January 17, 2017 at 7:06 am, by Carl

“relatively insensitive to differences in musical pitch.”   That is how Merriam-Webster defines this term.

 

Of course, we know it means more in current cultural usage.  It’s connected though…so, just like usage in regards to music deals with insensitivity, so to in current parlance we find insensitivity to a phrase or words used.  One person defined it this way:  “Used metaphorically… it denotes a gross insensitivity to how a remark or complaint is likely to strike, and offend, an important segment of its likely audience.”

 

As the year rolls forward, it is clear that our society in modern America is rife with this.  You hear it from all sides, on the radio, politicians, Hollywood, on TV and on social media.  I see friends and celebrities, who typically tout their tolerance, spewing a near-call to violence in dismay over the upcoming inauguration.  I hear other friends and celebrities, people who are happy about the election results, proclaiming that now is a happy time, that “the nation can now come together.”

 

Both opinions are tone-deaf to the other, acting as if some external alien force had taken over (either now, or 8 years ago) and everyone who is a US citizen is obviously in agreement with them.  Sigh…the last six elections have demonstrated again and again that we are a deeply divided nation.  All of these statements are either railing against the darkness or spitting into the wind; it is certainly preaching to the choir.

 

Being tone deaf, if done innocently enough with no knowledge of one’s actions, is bad enough…but can be corrected.  I am convinced those ranting today, both on the left and the right (though I will concede that I am more startled, and disappointed, by the hyperbole coming from the left, especially people I once thought were moderate and even-handed) are doing this on purpose.  They have to know that no one reading or listening who disagrees with them will suddenly “see the light” on their own “ignorance” due to these spoken sentiments.  Instead, this is willful destruction, pushing us even further into the philosophical divide.

 

I suppose Chesterton’s words are worth repeating here:  “There is a religious war when two worlds meet; that is when two visions of the world meet; or in more modern language, when two moral atmospheres meet.

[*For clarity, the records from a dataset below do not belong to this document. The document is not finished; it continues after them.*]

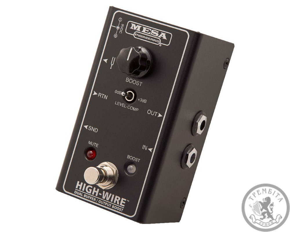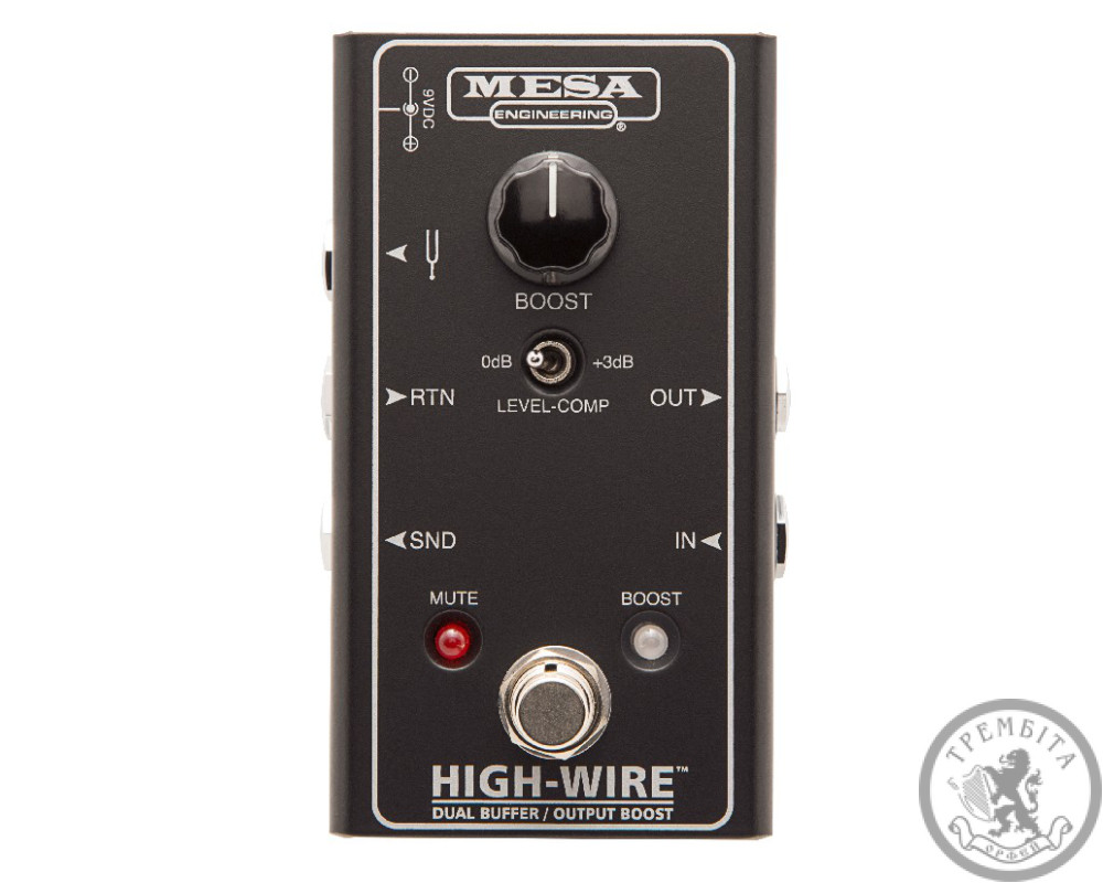 MESA BOOGIE HIGHWIRE DUAL BUFFER & BOOST - два прибора в одном компактном корпусе двойной буфер и линейный драйвер. Это устройство позволяет решить все проблемы согласования как по входу, так и по выходу. Располагаясь между инструментом и педалями, прибор обеспечивает стабильный нагрузки для датчиков гитары, гарантируя тем самым поступление полноценного сигнала на первую педаль в цепи. Если включить данный прибор между педалборд и усилителем, он будет не только буферизацию сигнал, обеспечивая тем самым оптимальные сопротивление и рабочие характеристики, но и позволит получить с помощью встроенного линейного драйвера Footswitchable Boost сигнал более высокого уровня, что немаловажно при использовании длинных кабелей. Как и в случае с прибором Stowaway, буфер выполнен на базе дискретной схемы класса Class-A. HIGH-WIRE также оборудован мини-переключателем + 3dB BOOST, который расположен на верхней панели. Переключатель имеет двойное действие, позволяя активировать функцию BOOST при однократном нажатии, и функцию MUTE при содержании в течение секунды. HIGH-WIRE - универсальное решение, позволяющее избавиться от всех проблем, связанных с потерей качества сигнала при работе с педалборд.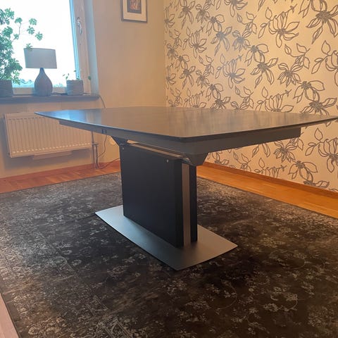 Fint matbord i svartbetsad ek från BoConcept. Iläggskiva i krom som ger en totallängd på 240 cm. Fot i borstad stål. Nypris ca 25000 kr. Finns några små skavanker se bilder.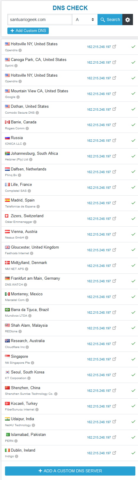 Pero si nos cambiamos al DNS de Google la IP es la correcta:

What is the one man’s breath is the other man’s poison; and it is vain to talk of giving a pestilence a place in the sun.””

 

For my readers who simply want to Live Well, moving into greater and greater life success, let me simply say that you can’t go through life being tone deaf.  Just because you believe something, and believe your something is so obviously right as to be manifest, does not mean other people will agree with you.  You must enter your conversations, your relationships and your interactions with the circumspect awareness that others have different views on life.  You don’t have to agree with them, any more than they do you, but you should be brave enough, patient enough, to reach to them with grace that seeks first to understand.

 

To refuse to do this, as apparently so many have these days, is to seek conflict, seek war, destruction and death.  A blind tone-deafness is perhaps sad, but can be corrected.  A willful position of “my way or the highway” is basically a “might makes right” stance in which you might as well carry a gun and shoot everyone who dares to hold an opposition position.

 

We cannot go forward as a people of one nation in this way.  And you will not have a successful life if your strategy is simply to silence or destroy anyone who differs with you.  You aren’t being a moral person when you, in the name of some apparent morality, bring death and destruction to those who disagree with you.  Regardless of what happens in the country, you can avoid the error of tone-deafness.

 

Choose grace instead.  Listen first.  Remember that you have no idea what is going on inside of another person, of what they’ve been through…and neither of you should expect the other to necessarily gain that insight first.  So, instead of “might makes right” connected to “my way only”…listen, allow yourself to be corrected, gently correct in return.  Seek harmony as you move forward in life.